The present disclosure, in various aspects, embodiments, and configurations, includes components, methods, processes, systems and/or apparatus substantially as depicted and described herein, including various aspects, embodiments, configurations, sub- combinations, and subsets thereof. Those of skill in the art will understand how to make and use the various aspects, embodiments, and configurations, after understanding the present disclosure. The present disclosure, in various aspects, embodiments, and configurations, includes providing devices and processes in the absence of items not depicted and/or described herein or in various aspects, embodiments, and configurations hereof, including in the absence of such items as may have been used in previous devices or processes, e.g., for improving performance, achieving ease and\or reducing cost of implementation.
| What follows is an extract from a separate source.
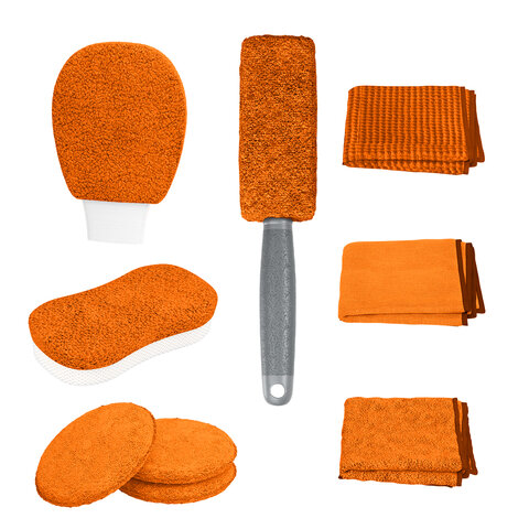 Салфетки 4шт с размером 25х25 см. Салфетка для стекла с плотностью 280г/м2 - 1 штука, салфетки из микрофибры с плотностью 240г/м2 - 2 штуки, салфетка для удаления разводов с плотностью 300г/м2 - 1 штука. Цвет оранжевый.

The foregoing discussion of the disclosure has been presented for purposes of illustration and description. The foregoing is not intended to limit the disclosure to the form or forms disclosed herein. In the foregoing Detailed Description for example, various features of the disclosure are grouped together in one or more, aspects, embodiments, and configurations for the purpose of streamlining the disclosure. The features of the aspects, embodiments, and configurations of the disclosure may be combined in alternate aspects, embodiments, and configurations other than those discussed above. This method of disclosure is not to be interpreted as reflecting an intention that the claimed disclosure requires more features than are expressly recited in each claim. Rather, as the following claims reflect, inventive aspects lie in less than all features of a single foregoing disclosed aspects, embodiments, and configurations. Thus, the following claims are hereby incorporated into this Detailed Description, with each claim standing on its own as a separate preferred embodiment of the disclosure.

Moreover, though the description of the disclosure has included description of one or more aspects, embodiments, or configurations and certain variations and modifications, other variations, combinations, and modifications are within the scope of the disclosure, e.g., as may be within the skill and knowledge of those in the art, after understanding the present disclosure. It is intended to obtain rights which include alternative aspects, embodiments, and configurations to the extent permitted, including alternate, interchangeable and/or equivalent structures, functions, ranges or steps to those claimed, whether or not such alternate, interchangeable and/or equivalent structures, functions, ranges or steps are disclosed herein, and without intending to publicly dedicate any patentable subject matter.